Yep, and yes. But you will need the accessory board that has 4-bit bus width. Roger designed the board, so Roger and I are the only two that have it.
Since the SPI wired bootable SD slot has that EEPROM clash limiting resistor it can't be clocked at extreme rates, so I've not bothered to support 1-bit mode. Although it certainly could be done in the future. There might be some speed-up since the new driver is using streamer ops for everything, which can operate at sysclock/2 even at high sysclocks. At high sysclocks the SPI driver steps down to sysclock/8.
Does the driver support a power enable pin?
Yes. Here's a report from the development code:
Card detected ... power cycle of SD card
power-down threshold = 37 pin state = 1
power-down slope = 34914 us pin state = 0
power-up threshold = 209 pin state = 0
power-up slope = 1128 us pin state = 1
It's using the DAC-comparator pin mode to set each threshold (0.5 V low and 2.7 V high) and then measure how long it takes the power rail to transition. I take 32 samples spread across 1.0 ms, unanimous voting like the debounce circuit, to provide the spec'd hold time before state change. Voltage measuring is at the CLK pin. All I/O pins each have a 22 kR pull-up soldered on the accessory board.
I'm guessing Von is planning on making 4-bit versions for Parallax to sell.
Now that it's proven, I guess it wouldn't be such a huge effort to port the driver to Spin2 and place it in the Obex. I doubt I would have made it this far without printf() for debug. It's not just the ease of formatting the prints either, scrollable terminal history is a massive sanity saver.
Another thing I do now is, not unlike how Chip works, I have four separate editor windows open, tiled across the width of a single 43" 4k monitor. Each has multiple tabs that are mixtures of the files I'm examining.

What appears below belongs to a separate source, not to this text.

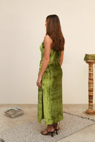 Maxi party dress with a wide décolleté and horizontal and vertical lines structuring the volume. The fabric is a creamy Italian velvet in silk and viscose.

I can have all windows showing different parts of the one file if I like. None are full height. I have multiple terminals open below, and a multi-tabbed file manager, are fixtures.
@Rayman said:
Just looked at it and see it's all in C with inline PASM2.

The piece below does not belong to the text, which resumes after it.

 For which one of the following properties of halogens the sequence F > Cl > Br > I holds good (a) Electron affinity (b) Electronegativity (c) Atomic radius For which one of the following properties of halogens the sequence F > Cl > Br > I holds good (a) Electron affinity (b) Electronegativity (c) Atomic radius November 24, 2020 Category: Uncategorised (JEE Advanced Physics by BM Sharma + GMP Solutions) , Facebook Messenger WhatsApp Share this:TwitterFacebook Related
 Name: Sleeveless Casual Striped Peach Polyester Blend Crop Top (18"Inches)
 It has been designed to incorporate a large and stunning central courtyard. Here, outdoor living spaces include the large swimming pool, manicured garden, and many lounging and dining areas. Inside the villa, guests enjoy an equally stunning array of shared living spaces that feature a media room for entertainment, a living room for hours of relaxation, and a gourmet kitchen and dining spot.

Thought it might be spin2 that was converted with spin2cpp, but guess not.
printf() was a critical part of development.
Yeah, interfacing to FSRW should be next step. Can you provide the newest edition of that? I know it had lots of contributions over the years and many were broken.
Guess needs a better maintainer...
Also see a note where @ke4pjw wanted SD power to cycle with reset. Think that would be good enough?
Or, needs a dedicated pin?
@Rayman said:
@evanh impressive speeds. So, it's ready to test? Does one just drop those files you posted into Flexprop to use it?
Yep, and yes. But you will need the accessory board that has 4-bit bus width. Roger designed the board, so Roger and I are the only two that have it.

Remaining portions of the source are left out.